Schiller,
who has spent three decades at the iPhone maker, is expected to spend more than
10 hours on the witness stand in federal court in Oakland, California,
rebutting Epic Games' allegations that Apple has monopoly over mobile
developers that it abuses by requiring them to use its in-app payments system
and pay commissions.
Over the past two weeks, Epic Games' executives and expert
witnesses argued that Apple has such a strong lock on customers that the
world's more than 1 billion iPhone owners constitute their own separate market
over which Apple exercises strict control. Apple and its experts have framed it
differently, arguing that Epic Games' complaints are related to video game
transactions, a market where Apple charges a similar commission to Microsoft
Corp.'s Xbox and Sony Group Corp.'s Playstation.
But as the trial enters its final week, Schiller is shifting
to the second layer of Apple's defense: That the controls it imposes on
developers are necessary to make the iPhone more private and secure, which has
in turn built consumer trust and expanded the market for mobile apps.
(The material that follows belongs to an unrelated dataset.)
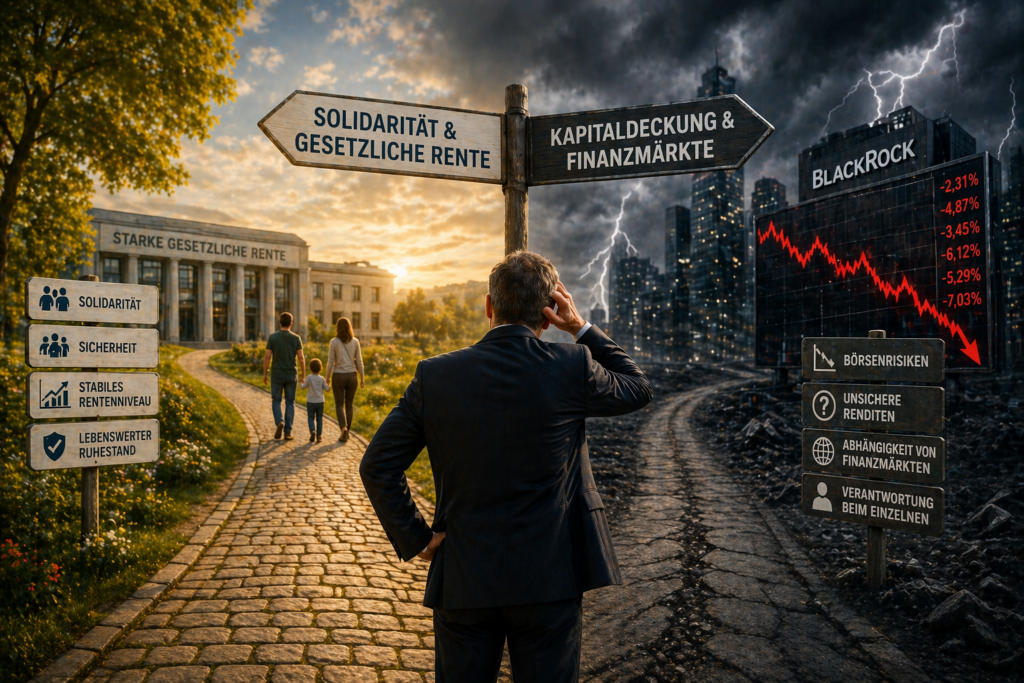 Wenn mehr Menschen privat vorsorgen müssen, fließen enorme Summen in kapitalgedeckte Systeme – und damit zu großen Vermögensverwaltern wie BlackRock.

Legal experts say that is important because even if Judge
Yvonne Gonzalez Rogers finds that some of Apple's rules have anticompetitive
effects, she could rule that those effects are outweighed by benefits to
consumers overall.
On the stand on Monday, Schiller testified that the iPhone
originally did not come with any third-party apps because Apple executives felt
they had no time to create a secure system for third-party developers to write
them. But once the phone went on sale, developers soon started
"jailbreaking" devices to put software on them, and Apple rushed to
create a formal system, which later became the App Store, for third-party
software.
"We were very concerned this could create unreliable,
unstable devices," Schiller said of the jailbreaking phenomenon.